Drowsiness Detection Techniques
General measurements
Techniques such as increased reaction time to any occurring event, grip strength (in the
case of drivers), skin conductance and decreased production of the hormones adrenaline,
noradrenalin and cortisol can be used in order to detect signs of drowsiness.
Moreover, heart rate can be observed experimentally by using special kinds of sensors in
order to monitor alertness.
However, these techniques are inaccurate because they can be indicative of physiological
states other than drowsiness. This is why it is better to use them with more accurate
techniques in order to validate the resulting data.
Reaction time measurement
Since it is relatively difficult to remain alert when performing monotonous tasks (such as
listening to long lectures, observing activities in a mine, driving at early hours in the
morning...), short stimuli can be applied to bring the subject back to the alert state in a
few minutes. An auditory or visual test can be performed where the stimulus is presented
randomly (based on a random counter value). The subject reacts by pressing a button and
the time difference between the stimulus and the response can be calculated to evaluate
the reaction time of the subject. The analysis of the variation in reaction time for the same
person in defined experimental conditions is indicative of the level of drowsiness.
System Design
Based on the information available about various techniques to detect drowsiness, it was
found that the best technique is the monitoring of the eyes’ behavior along with the
analysis of EEG signals acquired from the brain.

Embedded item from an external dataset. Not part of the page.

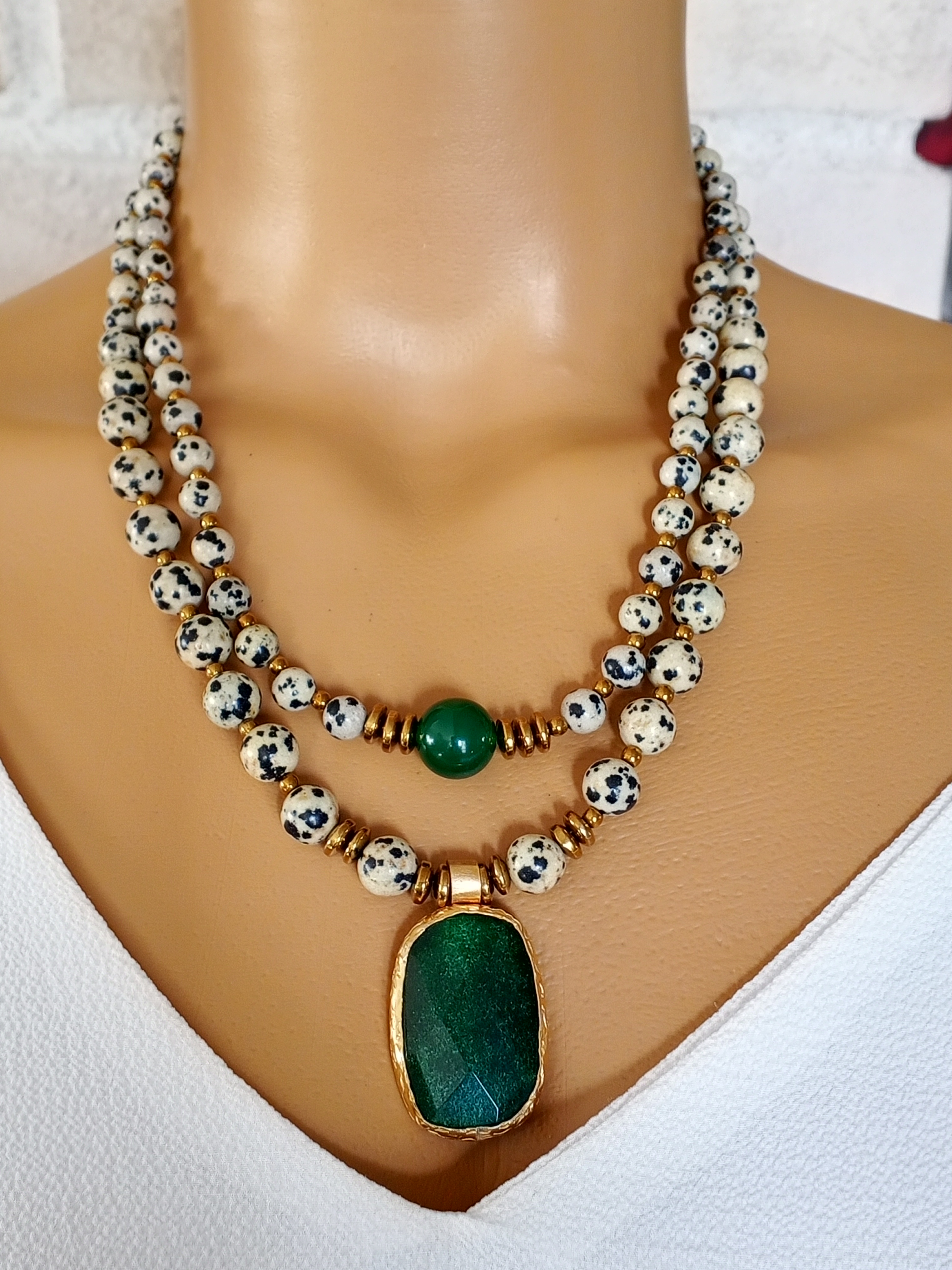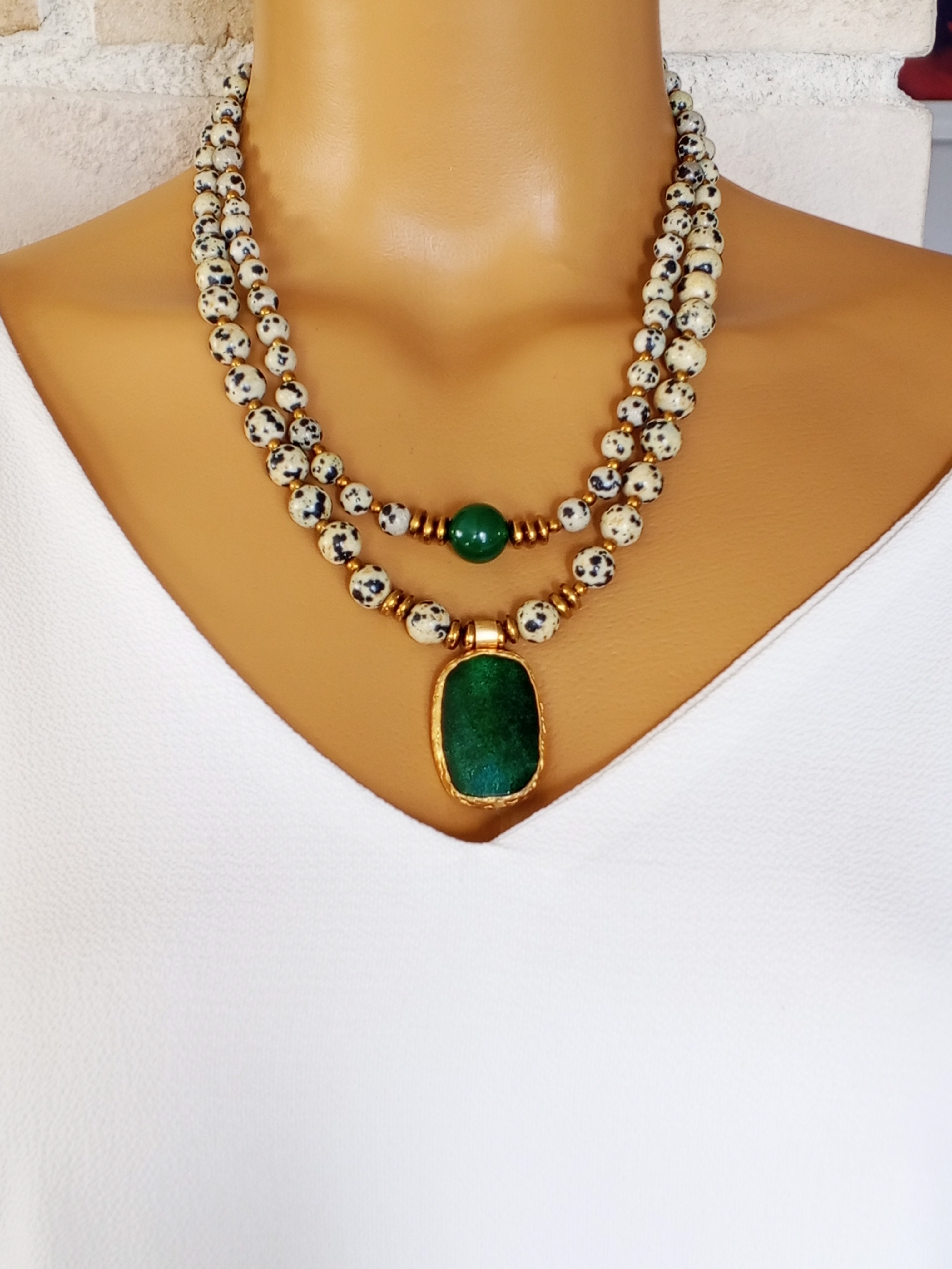 JASPER VE YEŞİI TAŞI İKİLİ KOLYE

Other techniques are complex, costly and hard to implement, or are imprecise and
inaccurate. The choice of the brain and the eyes as the focus of our study can be
explained if the structure and function of both organs can be elicitated.
EEG signal amplifier
The analysis of the EEG signal should be done with high accuracy. Since the EEG signals
have a very low voltage (in the order of few micro volts), we need to amplify the signals
to have them ready for signal processing. Open EEG offers a modular solution where
amplification is done without aliasing and signal distortion. Open EEG is an open source
website where many hardware implementations that help study EEG signals are offered.
The modular EEG is a hardware solution where the acquisition and amplification of EEG
signals is provided. The amplified signals are tested and analyzed for various
applications.
The board is composed of many filters and amplifiers that have various properties. The
filters provide the functions needed to make a robust hardware and ensure safety and
efficiency under normal circumstances.
In addition to the amplifier board, an A/D converter is needed in order to digitize the
amplified signal for subsequent computer analysis. The A/D converter tool in LabView
will be used since building the converter will add cost and consume effort and is outside
the scope of our project.
Eye detection algorithm
Since the light is reflected in different ways from the eyes and from the face and since the
“eye region presents great intensity changes, the eyes are located by finding the
significant intensity changes in the face” [16].
Image acquisition is the first step in the design and it is done using a webcam. The
webcam was chosen for its relatively low cost, small size and suitable number of frames
grabbed per second, which satisfies the simplicity, practicality and efficiency constraints
of our model. The eye detection and localization algorithm is presented in Appendix A.